曲ごとに歌声が変化するアーティスト③ 安本彩花(私立恵比寿中学)
不器用な努力家
アイドルグループ私立恵比寿中学のメンバーで、出席番号5番。
歌と踊りだけでなく、作詞作曲もこなすマルチプレイヤー、安本彩花。
彼女の場合、詞に合わせて歌声が変わっている。
彼女は曲の意味を誰よりもしっかり汲み取って、歌い方につなげているように思う。
それは一歩ずつ着実に積み重ねてきた努力の賜物。
今回は『曲ごとに歌声が変化するアーティスト』シリーズの3人目です。
4種類の歌い分け
かつてはエビ中のボーカロイドと言われていた時期があったようで(その時代のことはあまり知らないが)、昔の映像を見ていても表現に自信がなさそうだった。
それが今となっては「表現力の安本彩花」と言えるぐらいの歌いっぷりを見せてくれる。
基本の歌い方は4種類。そして組み合わせ。
では、歌い方の特徴とそれが分かりやすい楽曲を紹介していきたい。
①コミカル
エビ中の楽曲的にこの歌い方の登場回数が最も多い。抜群のリズム感も映える。ちょっと引っ掛かるように、ぷつぷつ途切れるように、破裂するように歌っている。擬音語で言えば、ぽよんぽよん。音量も声の伸びも強弱があり、メリハリがついている。活舌がいいんだか悪いんだかみたいな部分が歌い方の面白さを出してるように思う。

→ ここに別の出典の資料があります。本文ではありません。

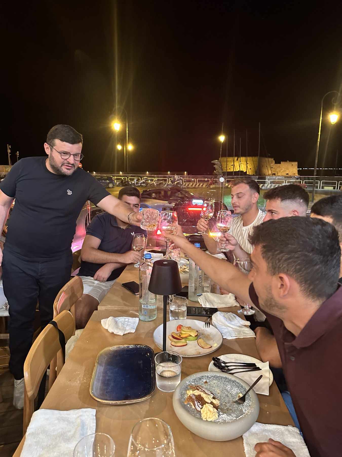 Με φόντο το φωτισμένο ιστορικό φρούριο του Κούλε, ο αντιπρόεδρος του Ερασιτέχνη ΟΦΗ, Νίκος Τσαμπουράκης, παρέθεσε δείπνο, στους προπονητές της ακαδημίας ποδοσφαίρου του συλλόγου, για να τους συγχαρεί για την σταθερά ανοδική πορεία που έχει το τμήμα, καθώς αγγίζει σήμερα, τα 500 παιδιά.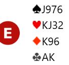 Ved det andre bordet åpnet syd med 1 kløver. Kvangraven og Grude var også med med Ø/V sine kort, men da N/S var i 3 kløver ga de seg. I den kontrakten ble det også elleve stikk, Norge -150. Spillet ga 11 IMP i kampen som altså ble vunnet med ett fattig IMP.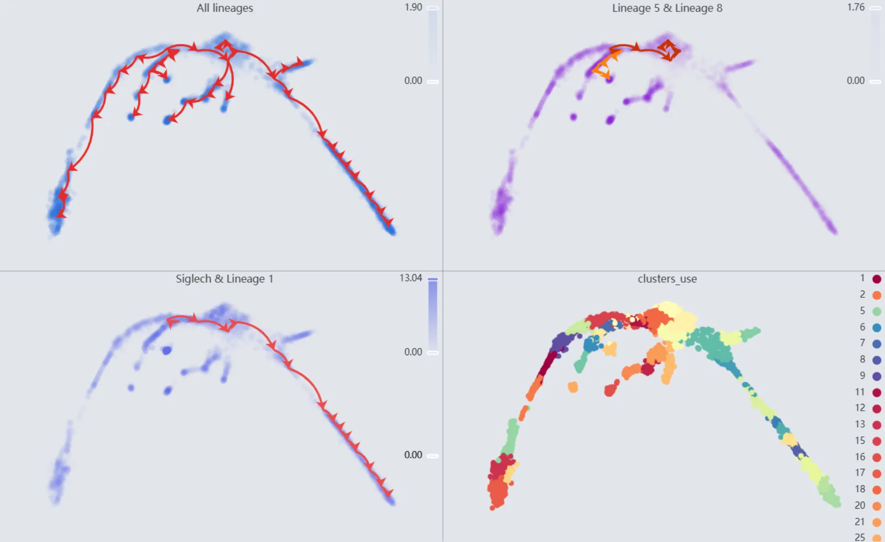 Siglech & Lineage 1. Illustrates theSiglechgene expression overlay with the representative lineageLineage 1.Fourth plot: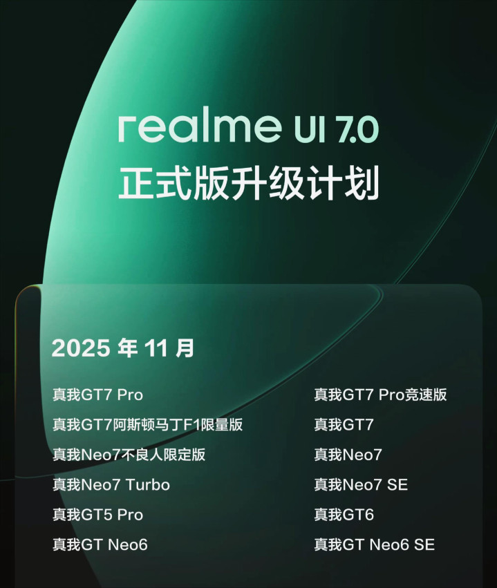 真我这次计划把一批热门机型拉上车:GT7、GT7 Pro、neo7、neo6、GT6、GT5 Pro 等 12 款全都在名单里。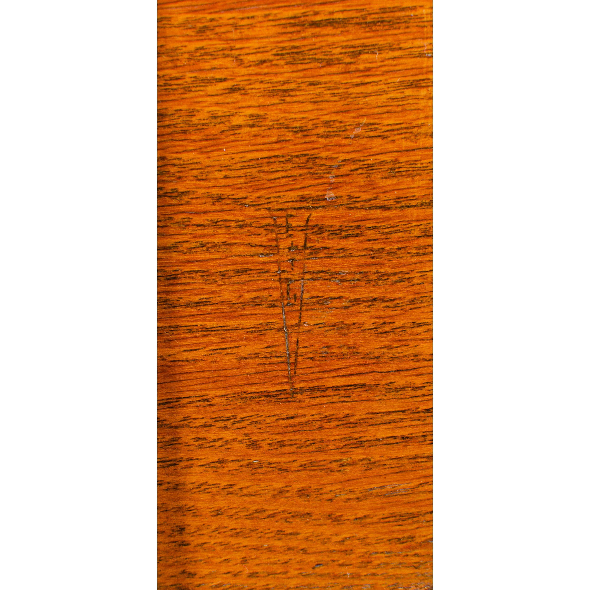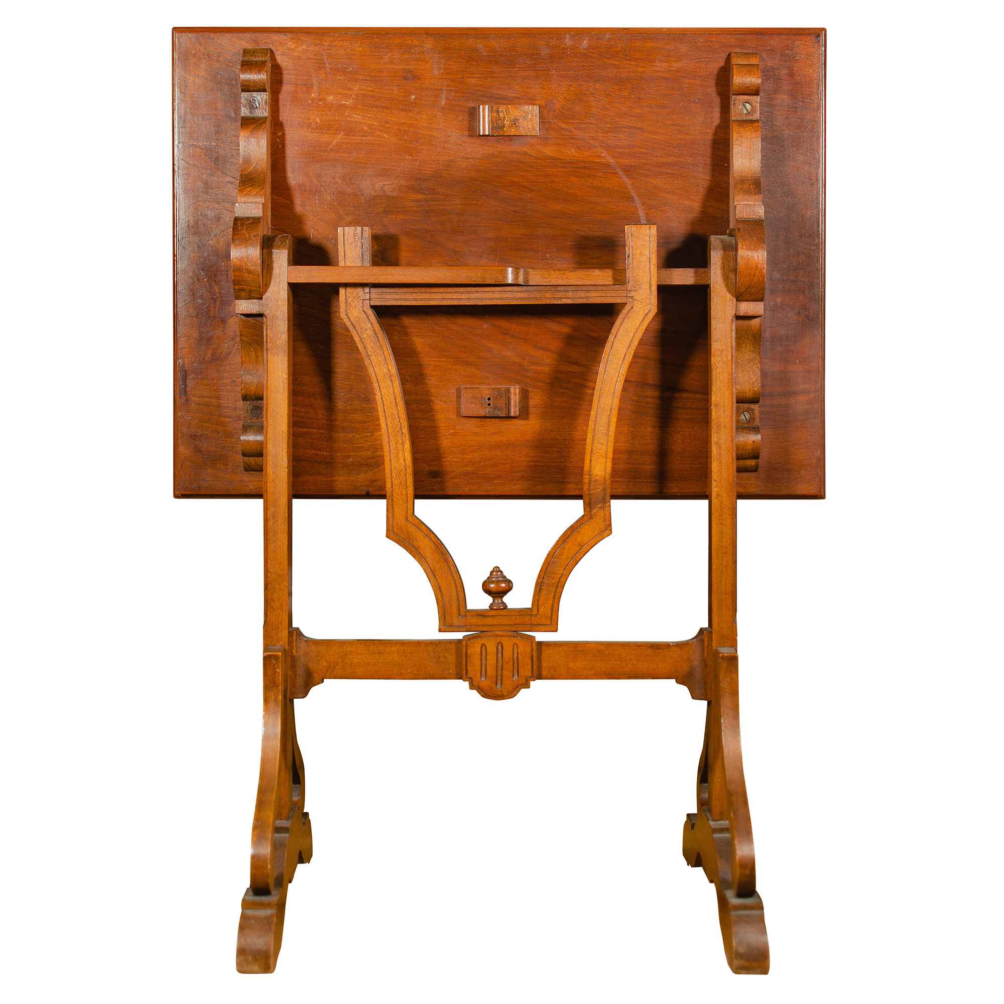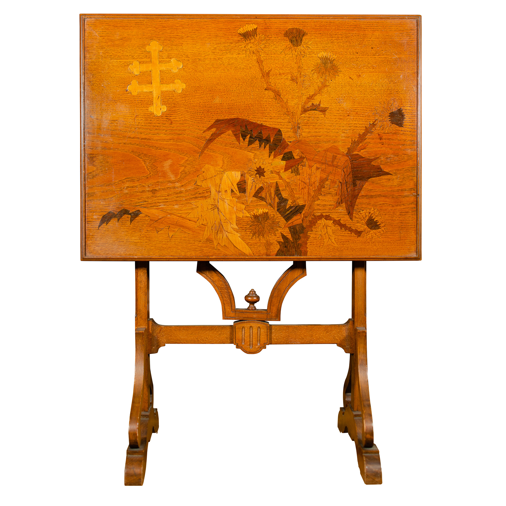 Tavolino da tè con piano reclinabile; il piano decorato a marqueterie in legni vari con raffigurazioni di cardi e Croce di Lorena, su piedi a forma di lira e supporto centrale rotabile, 1900 circa, siglato EG e Croce di Lorena; dimensioni: cm 72x76x51,5.

熟女になっても :原曲ではなく、ライブバージョンのラップパート。
仮契約のシンデレラ :全体的に。特にAメロBメロ。最新のバージョン(6人体制)が◎。
②パワフル
イケ本と呼ばれるあれです。喉全開。声を枯らしてしまうぐらいの気迫。一語一語を聴かせようと魂がこもっていて、歌声に重みが感じられる。もはや男性の声量ぐらいと勘違いするほどの力強さ。ロングトーンでもそのパワーが落ちないのがすごい。発声した音を余すことなくそのままの熱量で出してる。発音で言えば、タ行がツァ行になる。
紹介する2曲に共通して、ライブバージョンのフェイクがまさにこれ。
君のままで :安本をフィーチャーした曲。全体的にバッキバキのエレキに抜群に合う。
HOT UP!!! :落ちサビ。なんならハモリも。
③エモーショナル
喉を狭めてしっとりとかつ感傷的に優しく歌い上げている。出ない声を絞り出しているような感覚。裏返りそうで裏返らないギリギリのラインを攻めている感じがあるからかもしれない。母音がア段イ段の歌詞に特徴があるように思う。音よりも息が多め。実際に歌う姿を見ていなくても歌声から表情が見える。このエモい歌声はピカイチだと思う。タメも一級品。
まっすぐ :1番分かりやすいのは落ちサビ。2Aも。
ジャンプ :安本の代名詞。ラップパート。
他にも「日進月歩」の2Bの歌詞"つまづいたその先に咲く"の"咲く"のタメる部分も本当に染みる。
④ソフト
彼女の優しい人柄がそのまま歌声に出ている。しっとりと語りかけるような歌声。声の起伏は少なく全体的に落ち着いたトーンに。歌い終わりをピタっと止めて、丁寧に歌っているのが印象的。でもどこかふわっとしている。そして、高音域がほんとに綺麗。彼女は音域が広いからか、歌声が少しの濁りもなく伸びやか。
なないろ :1Aと落ちサビ
涙は似合わない :2AとCメロのソロパート。歌詞と歌声が相まってる。
YELL :6人バージョンの歌い出し。
番外編
組み合わせの曲をいくつか紹介する。
・①×④の歌声
コミカルに優しさをかけると、ポップな歌声に変化している気がする。雨粒が弾けているような感覚を覚える。「結ばれた想い」「SHAKE SHAKE!」など。
・③+④の歌声
この2つが混じり合うと、切なさがすごく感じられる。思いすぎた苦しさ、消えてしまいそうな儚さが滲んでいる声。ユニット曲「リフレインが、ずっと」を聴いてほしい。
私立恵比寿中学 「クリスマス大学芸会2018 DAY3~スペシャルロイヤルケーキ」LIVE映像
新しいファンを獲得し続ける歌声
先に紹介した歌声はどれも普段の話し声と違う。強いて言えばコミカルなのかな。
話し声は舌足らずな感じがある。(余談だが、嵐の大野くんもそう。Juice=Juiceの段原瑠々ちゃんも。)
でもステージ上では、名前のように彩りのある歌声を披露してくれる。
男性としての歌い方と女性としての歌い方の両方できる人。
ハモリでも同じように発揮できるからすごい。 同じラップでもこうも違う。
そんな目まぐるしく変わる歌声に魅了された人は多いんじゃないか。
彼女はきっとまた、新しい景色を見せてくれそうな気がする。